Required Qualifications:

• Bachelor’s Degree in Information Technology or related field
• At least one IT Security/Audit certification such as CISA, CCSP, CCSK
• 5+ years of IT audit experience, including auditing ITGC controls and applying IT security and internal control concepts
• 4+ years of experience in Compliance, Risk, and Governance
• 2+ years of experience interpreting and applying regulatory requirements, including the NYDFS (New York Department of Financial Services) Cybersecurity Regulation and HIPAA Security Rule
• Working knowledge of IT Control/Security frameworks (e.g., ICFR, SOC), plus familiarity with at least two others (HITRUST, NIST, FedRAMP, ISO, CMS MARS-E, StateRAMP, etc.)
• Familiarity with Cloud Security frameworks and applicable security standards/regulations (e.g., PCI-DSS, SOC2, ISO 27001, HITRUST, NIST)

Preferred Qualifications:

• CISSP, CISM, CIPT, CSFP, ISA, CIA
• 2+ years supervisory experience of individuals/teams
• Experience in health insurance systems 
• Experience in developing, implementing, and managing information security policies, procedures, and standards to support organizational security objectives and regulatory compliance
• Experience working in complex IT environments
• Proven excellent communication and presentation skills
• Proven solid coordination and planning skills with the ability to manage projects independently
• Proven solid interpersonal, oral, and written communication skills
• Proven to be resourceful and able to manage multiple tasks and shift priorities

Direct Reports

• Typically 0 direct reports
• Typically 0 indirect reports

*All employees working remotely will be required to adhere to UnitedHealth Group’s Telecommuter Policy.

Pay is based on several factors including but not limited to local labor markets, education, work experience, certifications, etc.
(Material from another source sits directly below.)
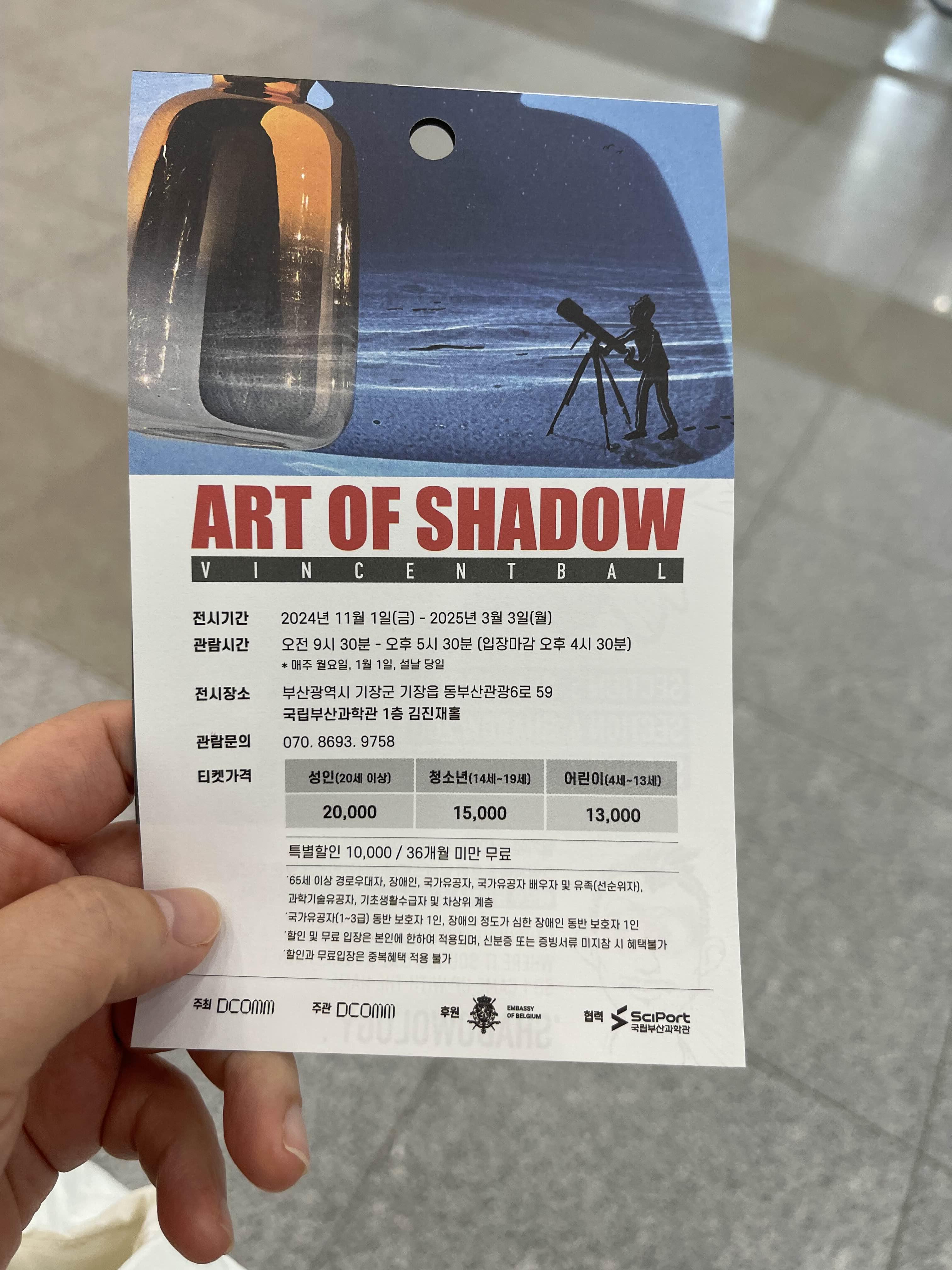 빈센트 발 ART OF SHADOW : 국립부산과학관 특별전 50% 할인 꼭 받기!! 왜? 입장료 2만원입니다. 이거 이번 특별전 왜이렇게 비싸요!!! 늘 만원 이내였는데 ㅠㅠ

In addition to your salary, we offer benefits such as, a comprehensive benefits package, incentive and recognition programs, equity stock purchase and 401k contribution (all benefits are subject to eligibility requirements). No matter where or when you begin a career with us, you’ll find a far-reaching choice of benefits and incentives. The salary for this role will range from $89,900 to $160,600 annually based on full-time employment. We comply with all minimum wage laws as applicable.

Application Deadline: This will be posted for a minimum of 2 business days or until a sufficient candidate pool has been collected. Job posting may come down early due to volume of applicants.
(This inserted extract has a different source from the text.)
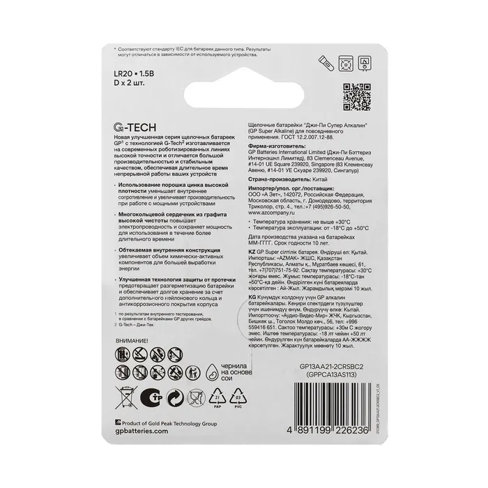 Батарейка алкалиновая GP Super, C, LR20-2BL, 1.5В, блистер, 2 шт. — Характеристики

At UnitedHealth Group, our mission is to help people live healthier lives and make the health system work better for everyone. We believe everyone–of every race, gender, sexuality, age, location and income–deserves the opportunity to live their healthiest life. Today, however, there are still far too many barriers to good health which are disproportionately experienced by people of color, historically marginalized groups and those with lower incomes. We are committed to mitigating our impact on the environment and enabling and delivering equitable care that addresses health disparities and improves health outcomes — an enterprise priority reflected in our mission.
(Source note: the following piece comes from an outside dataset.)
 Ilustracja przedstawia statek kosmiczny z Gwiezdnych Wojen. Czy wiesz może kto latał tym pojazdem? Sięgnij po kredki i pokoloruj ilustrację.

UnitedHealth Group is an Equal Employment Opportunity employer under applicable law and qualified applicants will receive consideration for employment without regard to race, national origin, religion, age, color, sex, sexual orientation, gender identity, disability, or protected veteran status, or any other characteristic protected by local, state, or federal laws, rules, or regulations.

UnitedHealth Group is a drug – free workplace. Candidates are required to pass a drug test before beginning employment.